In the records that follow, find the line with "This triple strand, multi-color"; from there, retype every line exactly through the line with "毎年使えるパンダタオルの【年", which also belongs to the answer.

++++ Supplied information

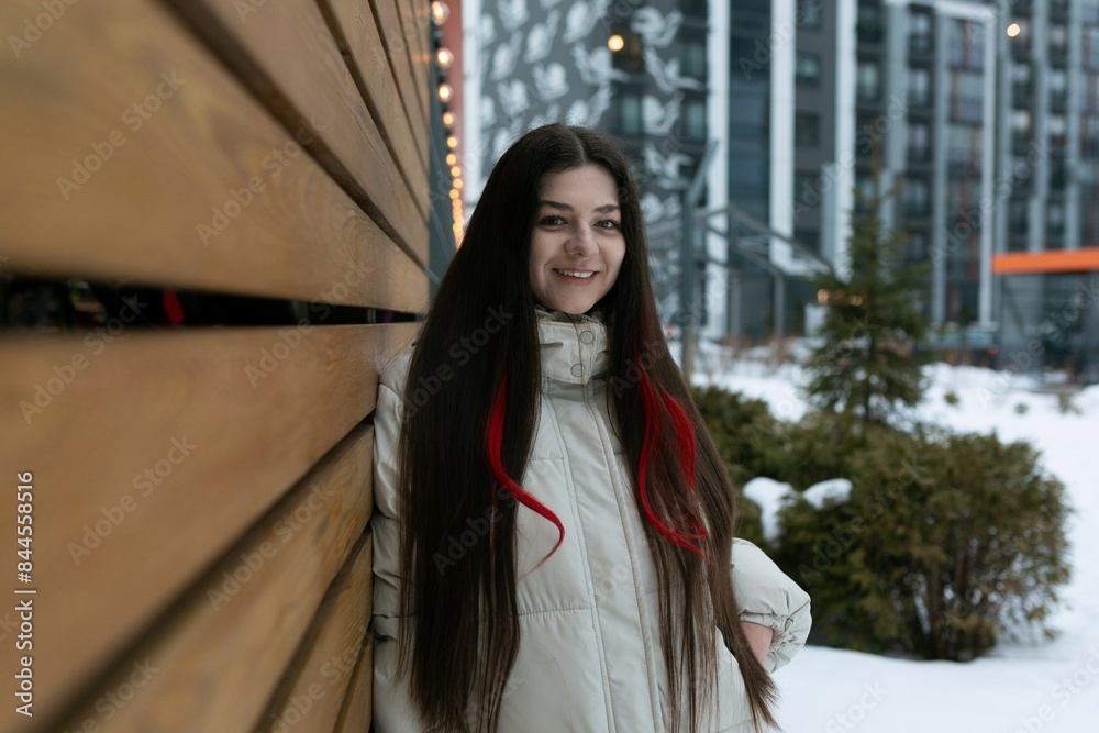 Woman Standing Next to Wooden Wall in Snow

++++++++
++++ Supplied information

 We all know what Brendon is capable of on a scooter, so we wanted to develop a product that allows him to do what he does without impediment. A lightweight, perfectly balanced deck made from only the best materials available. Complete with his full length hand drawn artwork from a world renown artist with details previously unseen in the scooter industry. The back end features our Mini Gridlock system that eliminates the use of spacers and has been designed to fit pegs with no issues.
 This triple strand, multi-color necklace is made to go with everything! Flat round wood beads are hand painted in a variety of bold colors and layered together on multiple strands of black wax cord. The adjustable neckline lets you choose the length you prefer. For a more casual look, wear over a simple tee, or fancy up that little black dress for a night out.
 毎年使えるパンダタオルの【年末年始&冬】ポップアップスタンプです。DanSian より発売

++++++++

» Answer
 This triple strand, multi-color necklace is made to go with everything! Flat round wood beads are hand painted in a variety of bold colors and layered together on multiple strands of black wax cord. The adjustable neckline lets you choose the length you prefer. For a more casual look, wear over a simple tee, or fancy up that little black dress for a night out.
 毎年使えるパンダタオルの【年末年始&冬】ポップアップスタンプです。DanSian より発売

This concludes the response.